§ **Information shown**
--- START ---

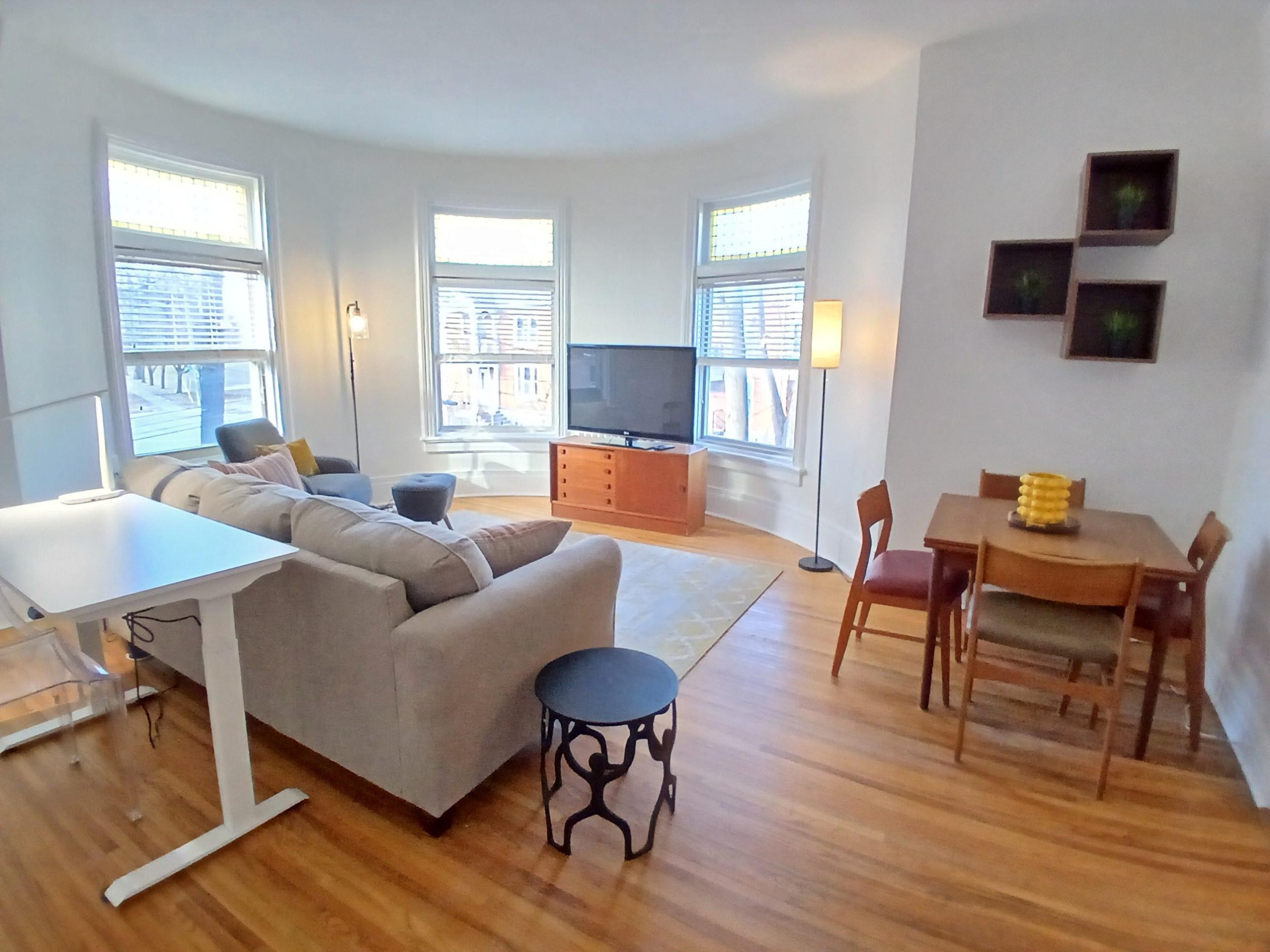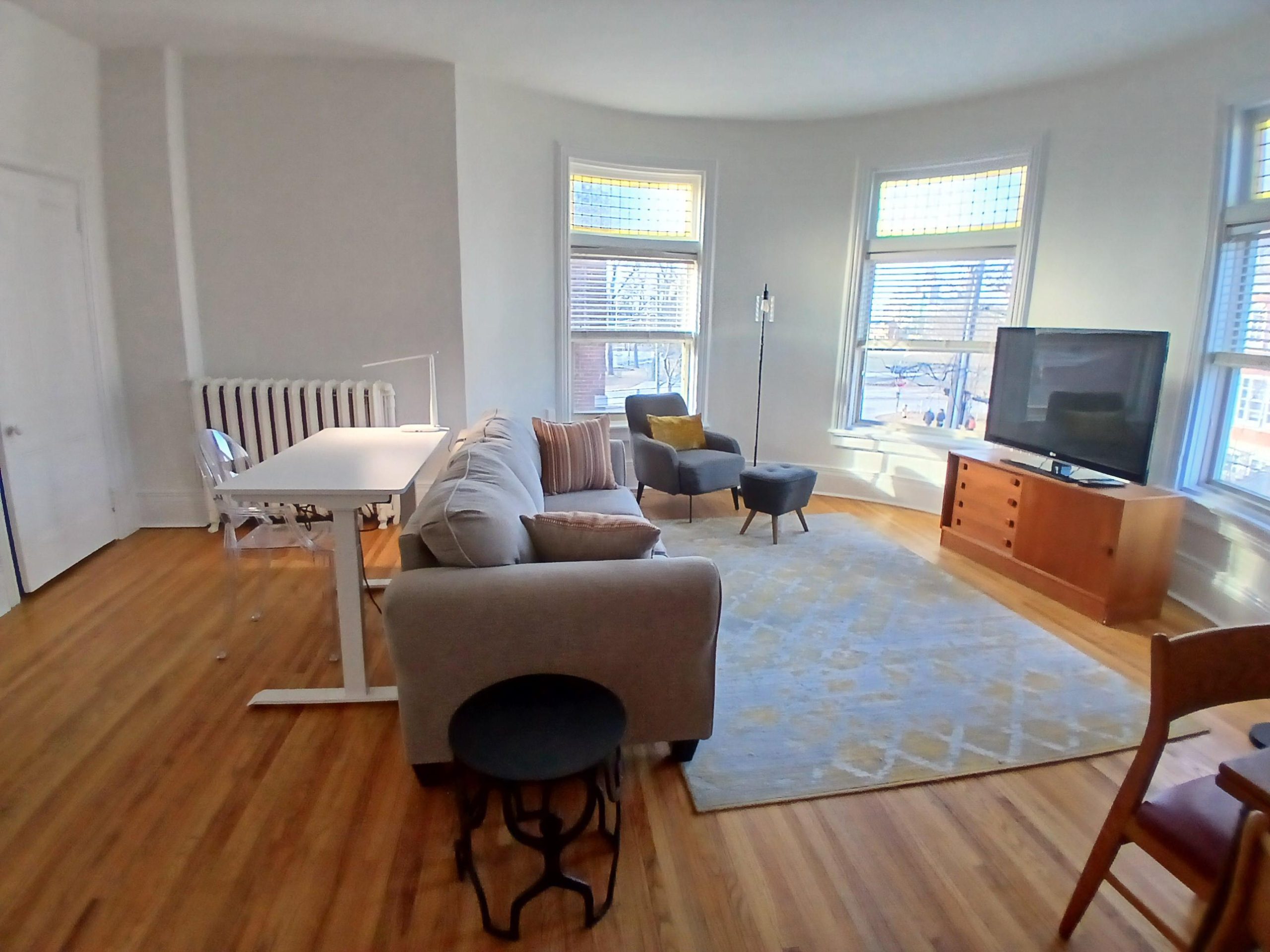 - High ceilings and large windows
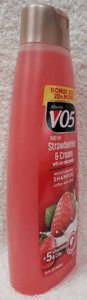 1 Brand New Unsealed/Unboxed Full Size Plastic Bottle by Alberto VO5 STRAWBERRIES CREAM With Soy Milk Protein Moisturizing Shampoo Soften and Shine! +5 Vitamins Oils! Original Formula! Discontinued Hard to Find! 100% Authentic! RARE!
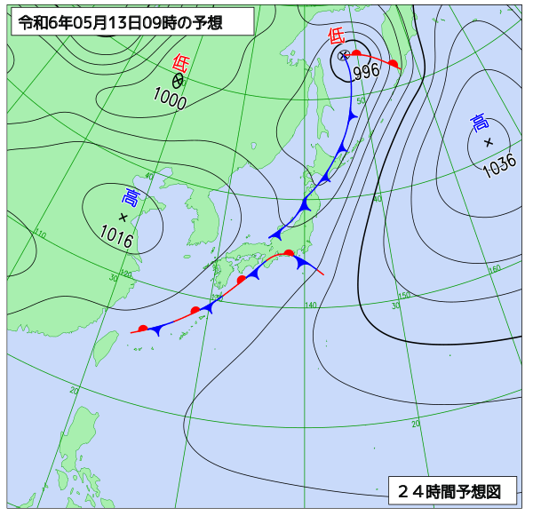 明日は、前線の通過で明け方まで雨が降りますが、その後は高気圧に覆われて、晴れてくるでしょう。
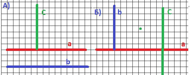 а)две параллельные прямые a и b и прямую с,перпендикулярную прямой а;
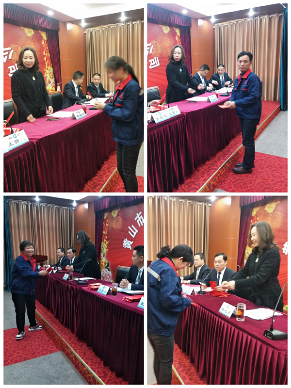 董事長陳牡丹給生產(chǎn)部員工發(fā)年終獎紅包
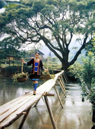 通道是侗族地区惟一没对外旅游开放的自治地区,民族文化资源更是原汁原昧。 三省坡,当地侗人称“粱蒙”,译成汉语是“云雾缭绕”之意,也就是“云雾山”,主峰海拔1336.7米,是越城岭、雪峰山和苗岭山脉过渡地段的最高峰。大山坐跨湘、黔、桂三省境,坡西面是贵州省黎平县平架乡,东面是湖南省通道侗族自治县独坡乡,南面是广西三江侗族自治县独洞乡,因而人们称它为“三省坡”。 三省坡距通道县城40公里,距黎平县城70公里,距三江县城40公里。三省坡的主峰在独坡乡境内,但它向四周伸延的山脉,延伸到贵州省从江县和广西龙胜县境(从江和龙胜也为侗族区域),距龙胜县城和从江县城分别也只有70公里。因此,准确的说,三省坡应是一坡连五县。这个区域的侗人交往频繁,通婚、结友、村寨互访。有意思的是,通道侗族与贵州和广西的侗族虽同源一脉,但从服饰到文化却有许多的不同。
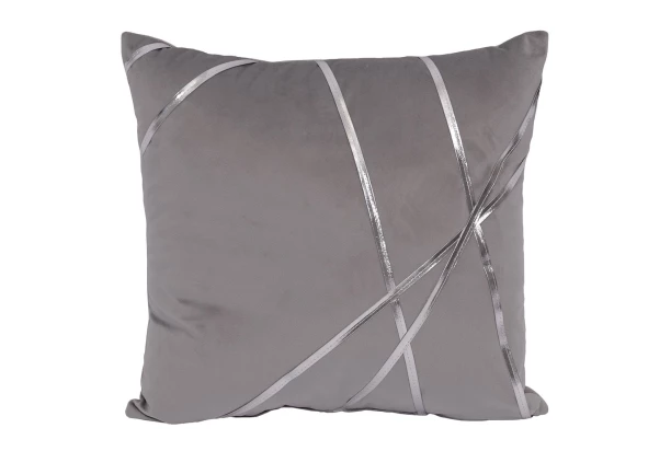 Dekoračný vankúš 45×45 cm v striebornom prevedení so štýlovými pruhmi v lesklej farbe dodá Vašej obývačke či spálni nádych luxusu.
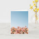 Field of peach flowers. Blank greeting card.
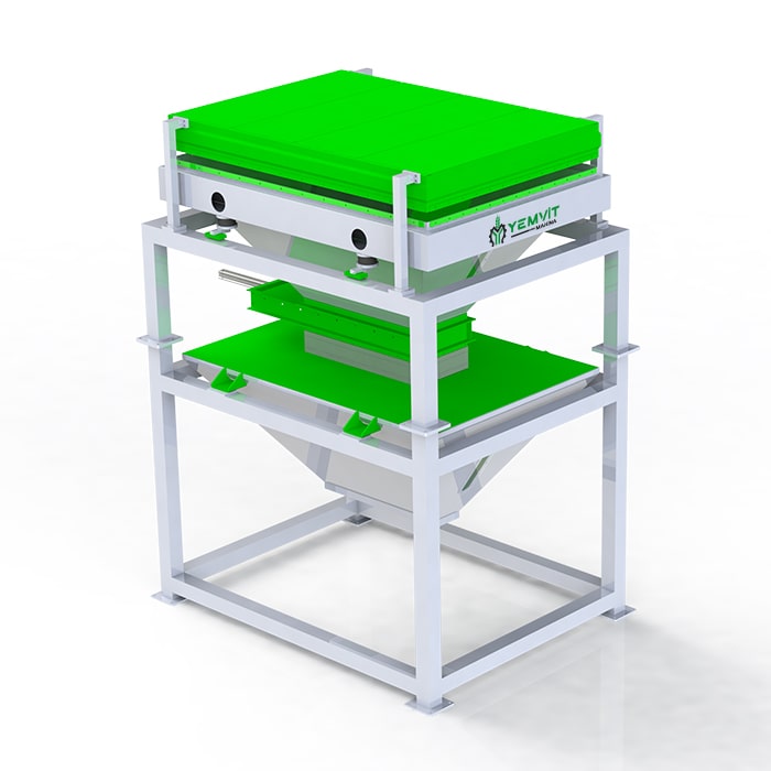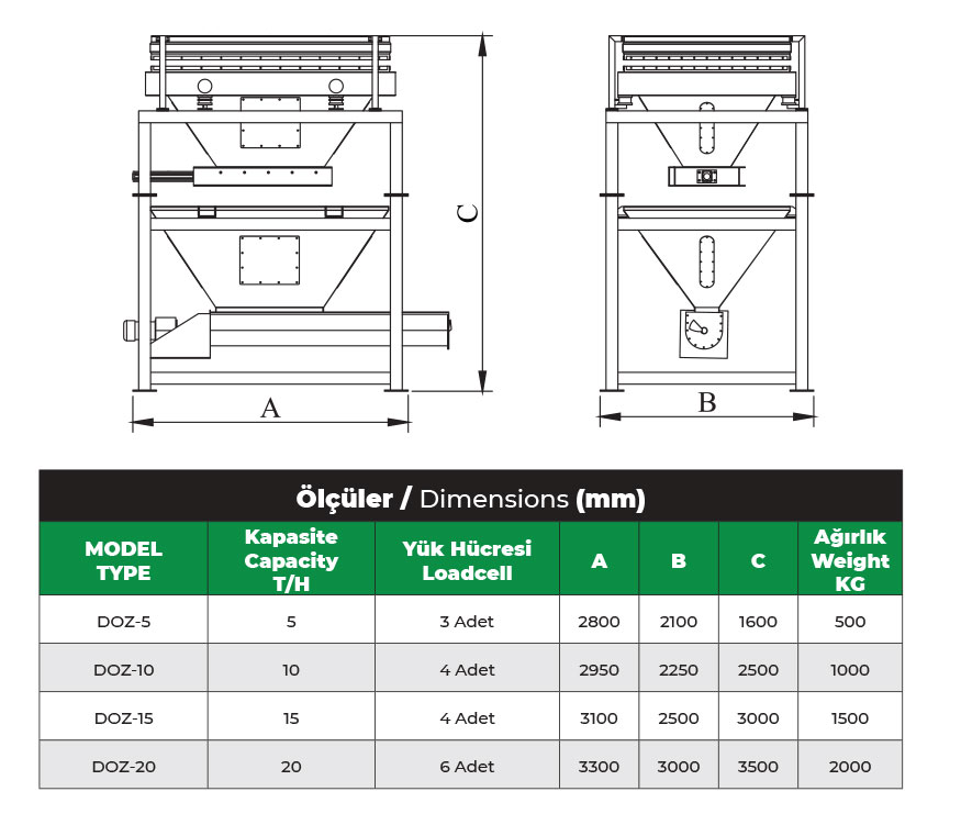 Ürün reçetesi oluşturmak için hammaddeleri ayrı ayrı tartarak tek partide makinanın çıkışında bulunan pnömatik sürgüler sayesinde bunkere doldurulan ürünler belli süre içerisinde tahliye edilir. Titreşimden ve sesten etkilenmemesi için lastik takozlarla esneme olanağı verilen dozajlama daha hassas tartım yapabilmektedir.
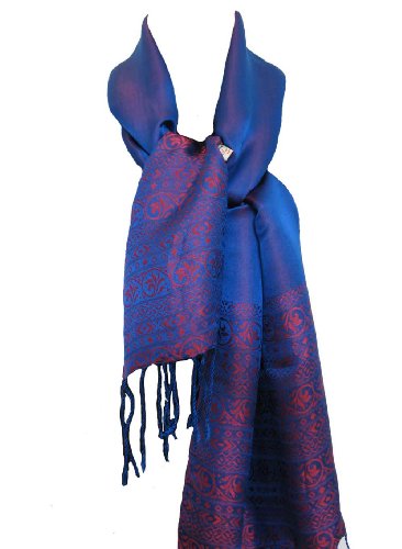 The jeweled color of this fringed silk scarf is woven with a subtle complementing/contrasting color, giving it a shimmery and lustrous effect under the light. The scarf has been carefully decorated with classic Vietnamese motifs. Made with 100% Satin silk. Size: 65" x 17", with 3" fringed ends.** CERTAIN CONTENT THAT APPEARS THIS SITE COMES FROM AMAZON SERVICES LLC. THIS CONTENT IS PROVIDED ‘AS IS’ AND IS SUBJECT TO CHANGE OR REMOVAL AT ANY TIME.
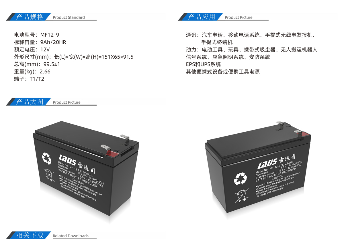 雷迪司MF12-9 12V 9AH閥控密封式鉛酸免維護(hù)蓄電池
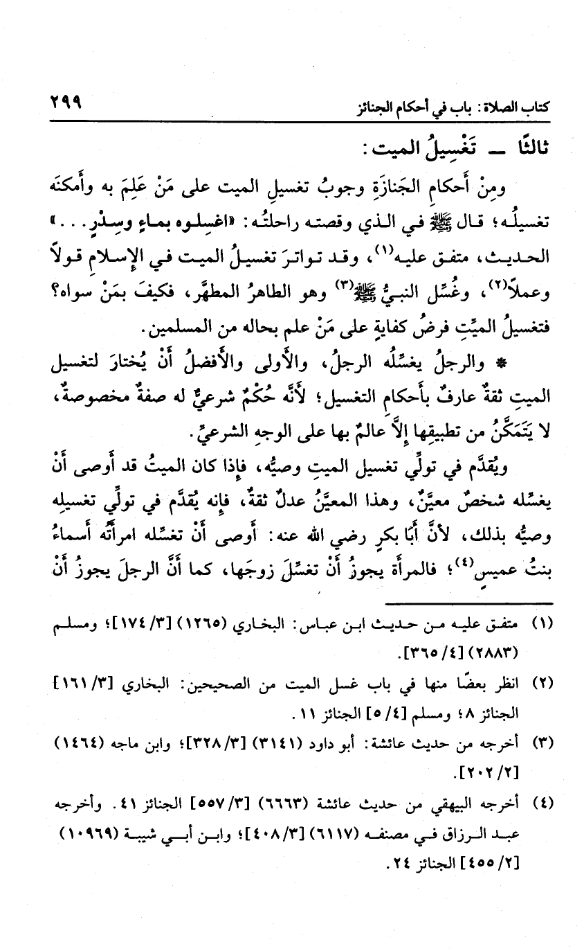 ومن أحكام الجنازة وجوب تغسيل الميت على من علم به وأمكنه تغسيله، قال صلى الله عليه وسلم في الذي وقصته راحلته: "اغسلوه بماء وسدر ... " الحديث متفق عليه، وقد تواتر تغسيل الميت في الإسلام قولاً وعملاً، وغسل النبي صلى الله عليه وسلم وهو الطاهر المطهر؛ فكيف بمن سواه؟ فتغسيل الميت فرض كفاية على من علم بحاله من المسلمين.

--- END ---

§ **How to complete this task**
In the listing above, find the line containing "а)две параллельные прямые" and the line containing "雷迪司MF12-9 12V 9AH閥控密封式鉛酸免維護(hù)蓄電池", then print exactly those two lines and every line between them, minus the pictures.

§ **Solution to this problem**
 а)две параллельные прямые a и b и прямую с,перпендикулярную прямой а;
 董事長陳牡丹給生產(chǎn)部員工發(fā)年終獎紅包
 通道是侗族地区惟一没对外旅游开放的自治地区,民族文化资源更是原汁原昧。 三省坡,当地侗人称“粱蒙”,译成汉语是“云雾缭绕”之意,也就是“云雾山”,主峰海拔1336.7米,是越城岭、雪峰山和苗岭山脉过渡地段的最高峰。大山坐跨湘、黔、桂三省境,坡西面是贵州省黎平县平架乡,东面是湖南省通道侗族自治县独坡乡,南面是广西三江侗族自治县独洞乡,因而人们称它为“三省坡”。 三省坡距通道县城40公里,距黎平县城70公里,距三江县城40公里。三省坡的主峰在独坡乡境内,但它向四周伸延的山脉,延伸到贵州省从江县和广西龙胜县境(从江和龙胜也为侗族区域),距龙胜县城和从江县城分别也只有70公里。因此,准确的说,三省坡应是一坡连五县。这个区域的侗人交往频繁,通婚、结友、村寨互访。有意思的是,通道侗族与贵州和广西的侗族虽同源一脉,但从服饰到文化却有许多的不同。
 Dekoračný vankúš 45×45 cm v striebornom prevedení so štýlovými pruhmi v lesklej farbe dodá Vašej obývačke či spálni nádych luxusu.
 Field of peach flowers. Blank greeting card.
 Ürün reçetesi oluşturmak için hammaddeleri ayrı ayrı tartarak tek partide makinanın çıkışında bulunan pnömatik sürgüler sayesinde bunkere doldurulan ürünler belli süre içerisinde tahliye edilir. Titreşimden ve sesten etkilenmemesi için lastik takozlarla esneme olanağı verilen dozajlama daha hassas tartım yapabilmektedir.
 The jeweled color of this fringed silk scarf is woven with a subtle complementing/contrasting color, giving it a shimmery and lustrous effect under the light. The scarf has been carefully decorated with classic Vietnamese motifs. Made with 100% Satin silk. Size: 65" x 17", with 3" fringed ends.** CERTAIN CONTENT THAT APPEARS THIS SITE COMES FROM AMAZON SERVICES LLC. THIS CONTENT IS PROVIDED ‘AS IS’ AND IS SUBJECT TO CHANGE OR REMOVAL AT ANY TIME.
 雷迪司MF12-9 12V 9AH閥控密封式鉛酸免維護(hù)蓄電池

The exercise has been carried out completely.